## The task
Once you find the line with "Echar en una" in the data below, transcribe exactly each line from there to the line with "बता दें कि, दिल्ली", inclusive, and nothing else. Drop the pictures.

## Given data
::::
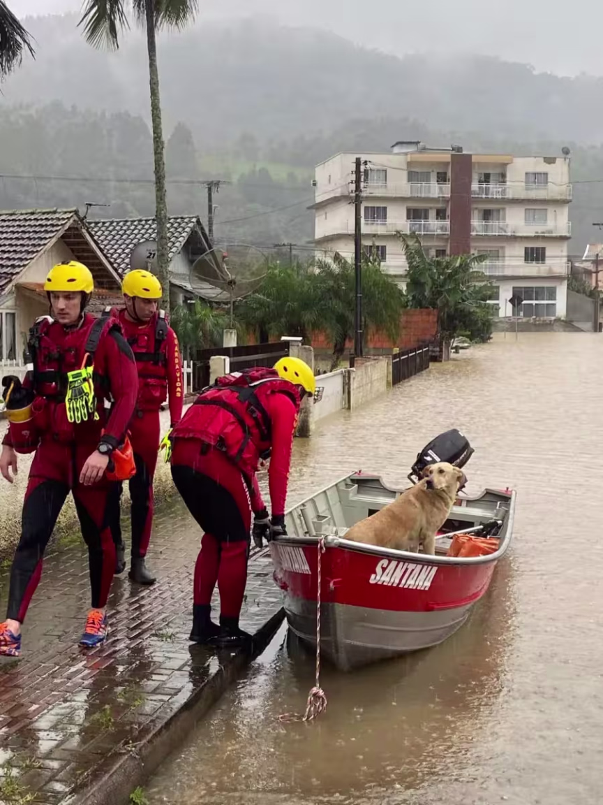 No bairro Barragem, em Rio do Sul, um cachorro foi resgatado pela Força-Tarefa do 15º Batalhão de Bombeiros Militar, durante a manhã deste domingo, 8. “O CBMSC reforça o pedido para que as pessoas que precisarem sair de suas casas, não abandonem seus animais de estimação”, escreveu o órgão.
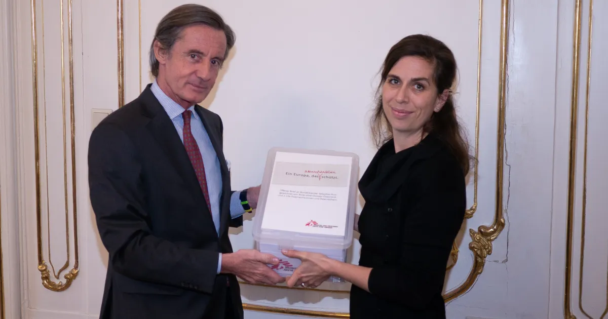 Ärzte ohne Grenzen übergibt Solidaritätsbekundungen zum Mittelmeer-Einsatz an Bundeskanzler Sebastian Kurz
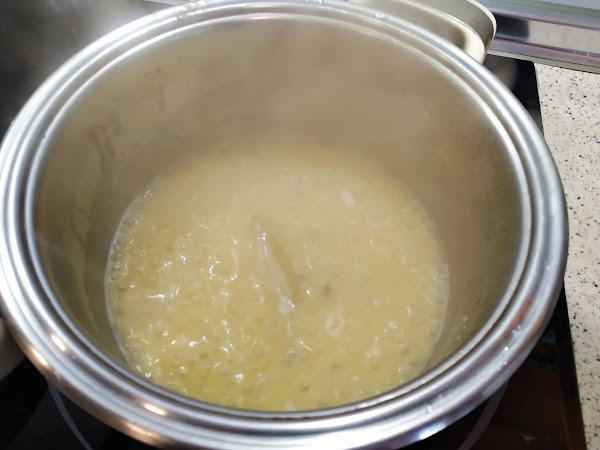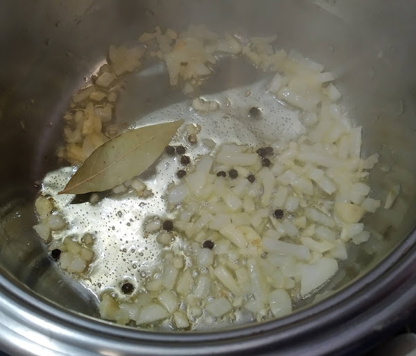 Echar en una cacerola puesta a fuego medio, el aceite de oliva y pochar la cebolla y los ajos removiendo hasta que comience a dorar incorporando la hoja de laurel y los granos de pimienta.
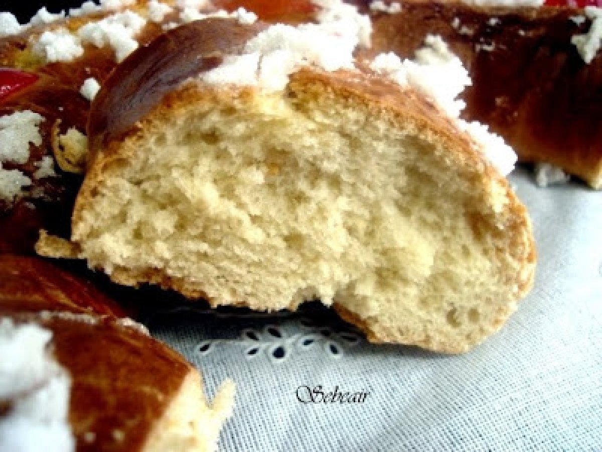 Roscon de reyes vanesita82 (panificadora y horno) AnteriorSiguiente PostreFácil35 min Enviar esta receta a un amigo Imprimir esta página Preguntar al autor Publicar la foto de esta receta Ingredientes 2 200 ml de leche 100 g de azúcar 1 huevo 4 cucharadas soperas de anís o unas gotas de la esencia (puse el licor) 500 g de harina de fuerza 1 sobre de levadura seca de panadería (puse 7 g) 1 cucharada de café rasa de sal 100 g de mantequilla o margarina (puse mantequilla) COSA MIA: 1 cucharada sopera de miel (para que se mantenga tierno más tiempo) Decoración: 1 huevo batido para pintar el roscón Frutas confitadas Azúcar humedecida con agua y anís
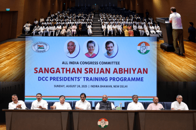 बता दें कि, दिल्ली के इंदिरा भवन में रविवार को मध्य प्रदेश और असम कांग्रेस के नवनियुक्त जिला अध्यक्षों को 'संगठन सृजन अभियान' कार्यक्रम के तहत 'पाठशाला' लगाई गई थी। जहां नवनियुक्त जिला अध्यक्षों को ट्रेनिंग दी गई। ये मीटिंग कांग्रेस दफ्तर में आयोजित हुई, जिसमें ऑल इंडिया कांग्रेस कमेटी के कई बड़े नेता शामिल हुए। वहीं, नेता प्रतिपक्ष राहुल गांधी भी बिहार में चल रही 'वोटर अधिकार यात्रा' को ब्रेक कर नए जिला अध्यक्षों की बैठक में शामिल होने दिल्ली पहुंचे थे। इस दौरान एमपी प्रदेश प्रभारी हरीश चौधरी, पीसीसी चीफ जीतू पटवारी, नेता प्रतिपक्ष उमंग सिंघार भी मौजूद थे।
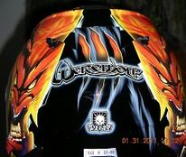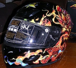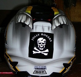Between 6 & 8 air vents [depending on style] and custom trademarked graphics by renowned artist Mike La-vallee from “Killer Paint Inc.” Helmets Made of Hand Laid Fiberglass/ Kevlar Composite with a UV Resistant Clear Coat. They are DOT & ECE 22-05 Certified. "JET GEAR FOR YOUR STREETBIKE"
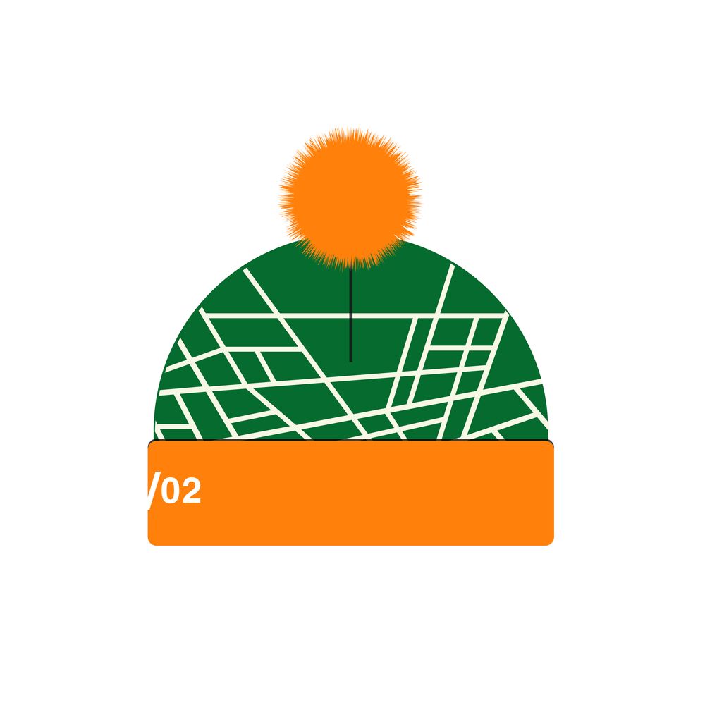 Шапка с вывязанным логотипом и индивидуальным рисунком в фирменной цветовой гамме.
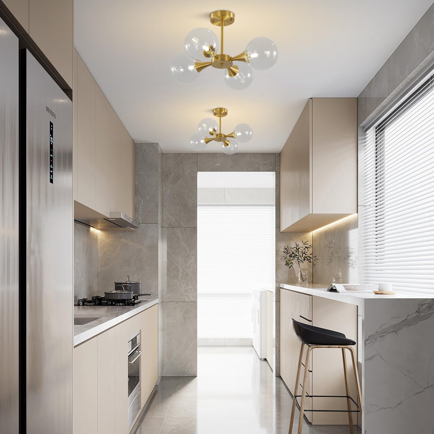 - Modern Gold Semi Flush Mount Ceiling Light: The clear flush mount clear light consists of 4 brushed brass metal branches, each with clear glass lampshade, provide comfortable and sufficient lighting in the room where it is placed. The brass gold hall ceiling light will creating mid-century modern style and simple look in your interior room
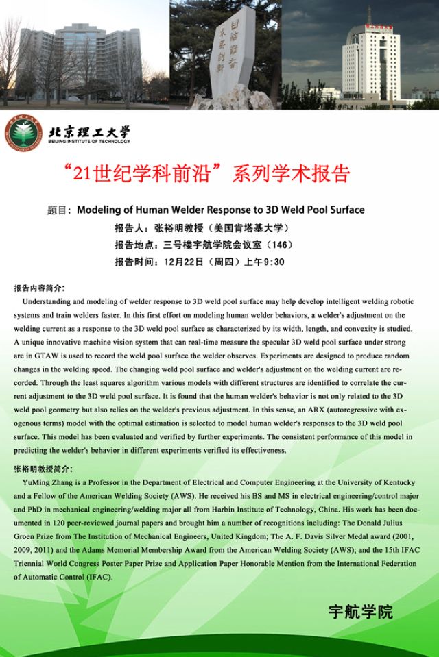 > 宇航学院12月22日“21世纪学科前沿”学术讲座预告
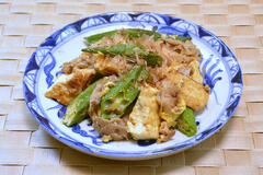 おくら 卵 木綿豆腐 豚こま切れ肉 油 【A】 しょうゆ 酒 鶏がらスープの素   かつお節   ※作りやすい分量です。
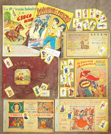 All are Cuban card albums. Captain Marvel card album is the highlight of the group. Filled with only a small amount of the 200 cards needed for a complete set. Cards and album are VG-EX. Adventures of Buffalo Bill card album. 96 card set, all cards are glued in the album as this was the original intention. Cards and album are EX. Snow White and the Seven Dwarfs card album. The 100-card set is glued in the album. Cards and album are EX. Snow White and the Seven Dwarfs card album, 2nd series. Card numbers, 101-200, are the cards glued in the album. Cards and album are EX. There is a blank card album of the Cisco Kid with the Red Dragon. EX. Youth in Danger card album was produced for a show that appeared on CMBF television. Album is mostly blank. EX. Picture album of Movie Stars shows the actors/actresses of the time on big glossy pages. VG-EX. There are (47) cards from an apparent 220-card Cuban nonsports set. Borders are yellow and feature some Disney characters and other comic/cartoon characters, which average EX. There are eight Spanish uncut Disney strips which include classic Disney characters like Mickey Mouse, Minnie Mouse, Walt Disney, Betty Boop, Snow White & the Seven Dwarfs, Pluto, Goofy, & more. Strips are VG and curled from being rolled. Also included is a Lone Ranger card album (75% full), and an empty Tarzan card album. Both are EX. A very unique selection of early Cuban nonsports card material.
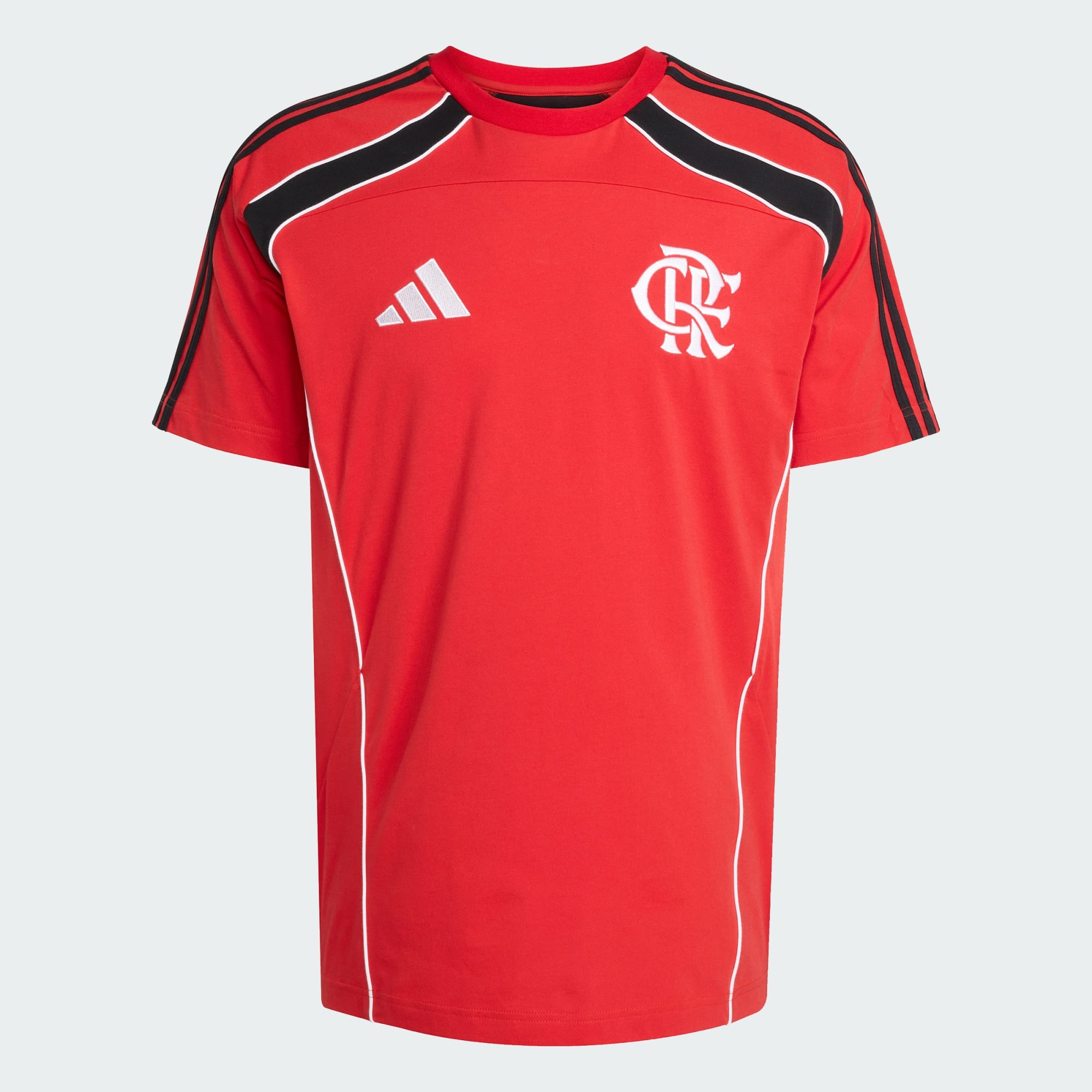 Cores do CR Flamengo. Estilo retrô adidas. Esta camiseta de futebol se inspira nas modas dos dias de jogos da última década. Sua construção em malha simples e o importante brasão do time fazem dela um substituto perfeito para a sua preciosa camiseta de malha de jogo.
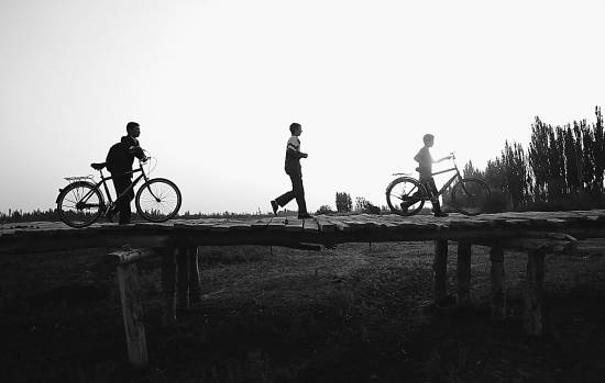 新疆喀什疏勒县亚曼牙乡协开尔巴格3村小学的孩子们正在上学路上。没有暴恐才有安宁的生活。CFP供图
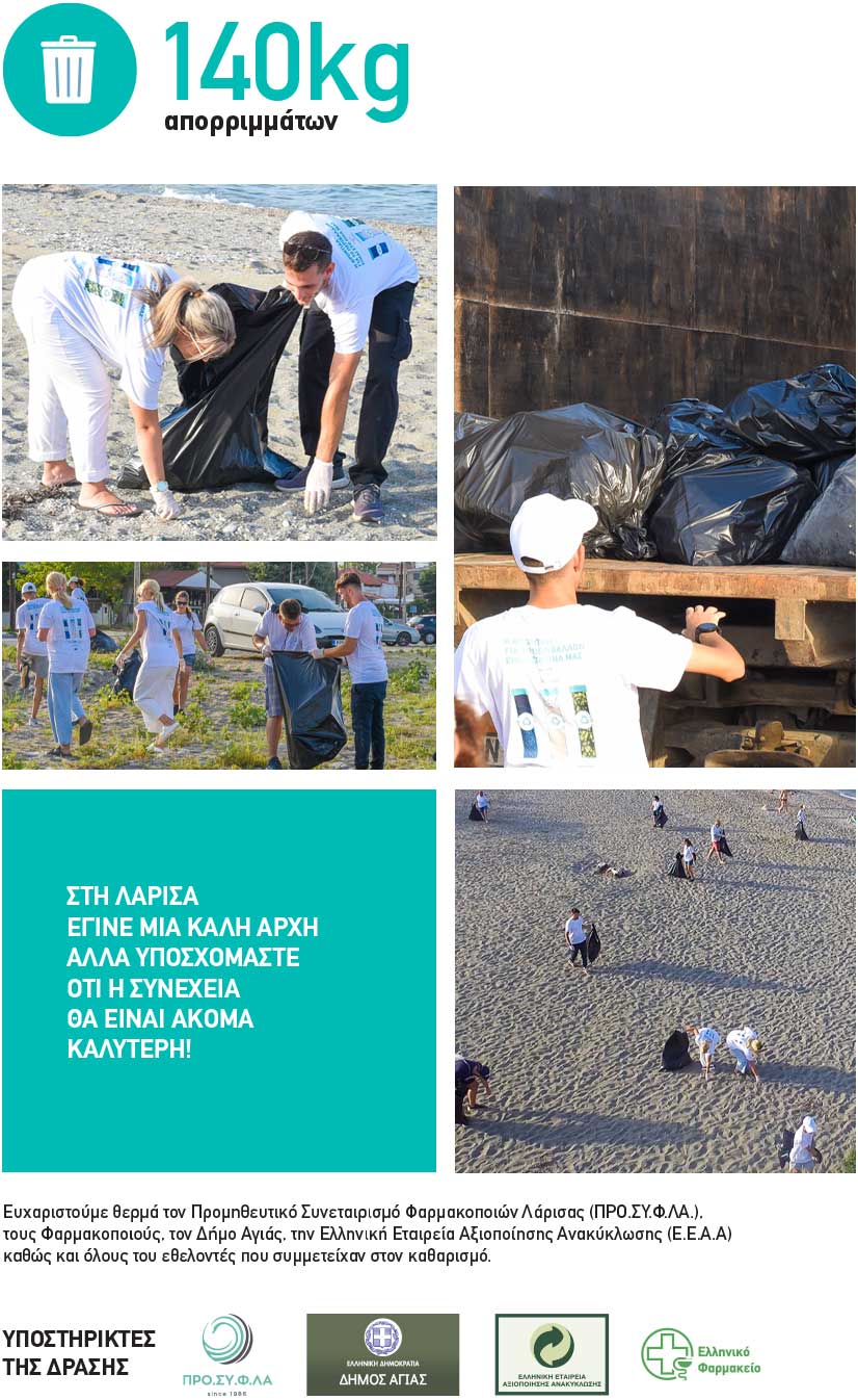Η 1η δράση μας είναι γεγονός! Στις 29 Ιουλίου βρεθήκαμε στη περιοχή της Λάρισας και πραγματοποιήσαμε παράκτιους καθαρισμούς στις παραλίες Στόμιο και Κάτω Σωτηρίτσα – Αγιόκαμπο. Σε ένα εξαιρετικά ευχάριστο κλίμα με άψογη συνεργασία και τρομερή προσήλωση, συλλέξαμε συνολικά 140kg απορριμμάτων! Ένα εντυπωσιακό αποτέλεσμα που μας γέμισε χαμόγελα και δύναμη για τη συνέχεια. Τα απορρίμματα που συλλέχθηκαν, βρίσκονται ήδη στο στάδιο της διαλογής και της ανακύκλωσης! Είμαστε ιδιαίτερα χαρούμενοι για την τεράστια επιτυχία των πρώτων καθαρισμών και πραγματικά ευγνώμονες σε όλους όσους μας στήριξαν.
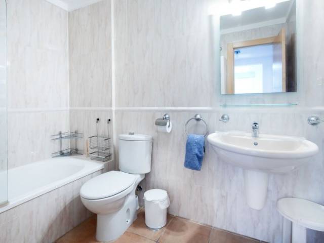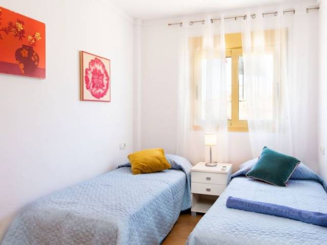"Alcazaba", apartamento de 4 estancias 93 m2. Espacioso, con mobiliario funcional y confortable: salón-comedor con TV digital, aire acondicionado y ventilador. Salida a la terraza. 1 dorm. con 2 camas (90 cm, 190 cm de longitud), aire acondicionado. 1 dorm. con 1 cama de matrimonio (150 cm, 190 cm de longitud), aire acondicionado. 1 dorm. con 2 camas (90 cm, 190 cm de longitud), aire acondicionado. Cocina abierta (horno, lavavajillas, 4 placas de vitrocerámica, tostadora, hervidor de agua eléctrico, microondas, congelador, cafetera eléctrica). 2 ducha/WC. Ningún tipo de calefacción. Muebles de terraza. Vista panorámica al mar. El alojamiento dispone de: plancha, trona, cuna, secador de pelo. Internet (Wifi, gratis). 1 mascota pequeña / perro. VFT/MA/54953
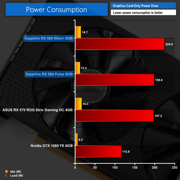 The difference between the two Sapphire RX 580s? Exactly 26W under load. Everyone will prioritise power draw differently, but let's put that figure into perspective. For instance, I pay 12.86p per kWh to my electricity supplier. Say I game on my PC for three hours a day, all year round – that would mean the Nitro+ costs me £31.65 in electricity. With the Pulse, it would cost me £27.99.
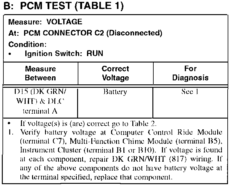 B: PCM Test (Table 1):
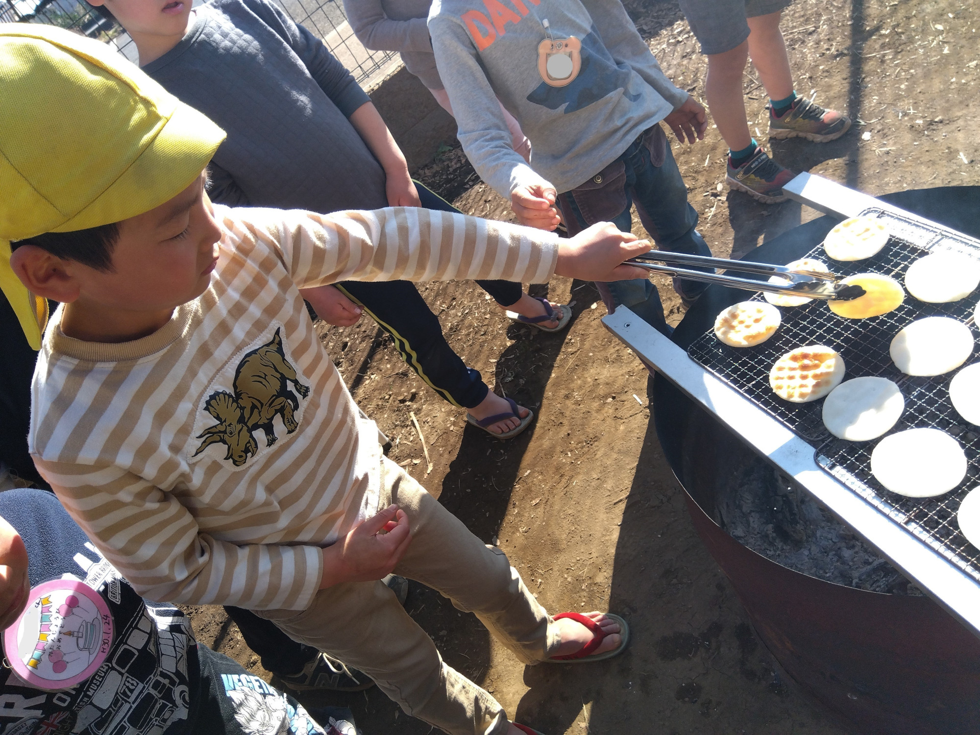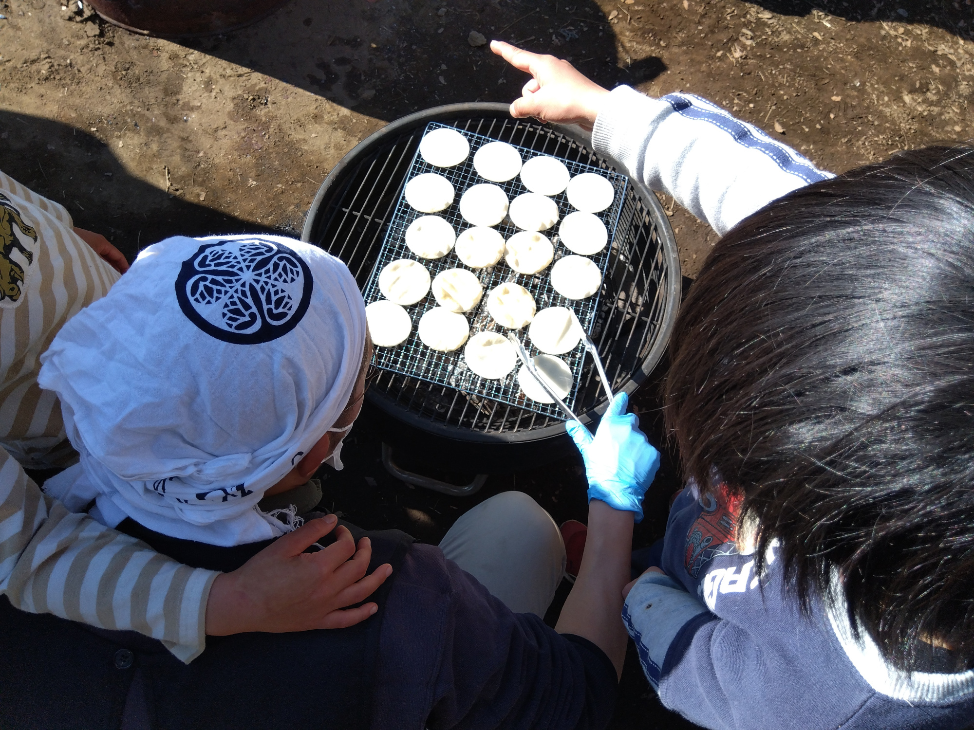 焼けるせんべいを見守る子どもたち
::::
## Response area
 Echar en una cacerola puesta a fuego medio, el aceite de oliva y pochar la cebolla y los ajos removiendo hasta que comience a dorar incorporando la hoja de laurel y los granos de pimienta.
 Roscon de reyes vanesita82 (panificadora y horno) AnteriorSiguiente PostreFácil35 min Enviar esta receta a un amigo Imprimir esta página Preguntar al autor Publicar la foto de esta receta Ingredientes 2 200 ml de leche 100 g de azúcar 1 huevo 4 cucharadas soperas de anís o unas gotas de la esencia (puse el licor) 500 g de harina de fuerza 1 sobre de levadura seca de panadería (puse 7 g) 1 cucharada de café rasa de sal 100 g de mantequilla o margarina (puse mantequilla) COSA MIA: 1 cucharada sopera de miel (para que se mantenga tierno más tiempo) Decoración: 1 huevo batido para pintar el roscón Frutas confitadas Azúcar humedecida con agua y anís
 बता दें कि, दिल्ली के इंदिरा भवन में रविवार को मध्य प्रदेश और असम कांग्रेस के नवनियुक्त जिला अध्यक्षों को 'संगठन सृजन अभियान' कार्यक्रम के तहत 'पाठशाला' लगाई गई थी। जहां नवनियुक्त जिला अध्यक्षों को ट्रेनिंग दी गई। ये मीटिंग कांग्रेस दफ्तर में आयोजित हुई, जिसमें ऑल इंडिया कांग्रेस कमेटी के कई बड़े नेता शामिल हुए। वहीं, नेता प्रतिपक्ष राहुल गांधी भी बिहार में चल रही 'वोटर अधिकार यात्रा' को ब्रेक कर नए जिला अध्यक्षों की बैठक में शामिल होने दिल्ली पहुंचे थे। इस दौरान एमपी प्रदेश प्रभारी हरीश चौधरी, पीसीसी चीफ जीतू पटवारी, नेता प्रतिपक्ष उमंग सिंघार भी मौजूद थे।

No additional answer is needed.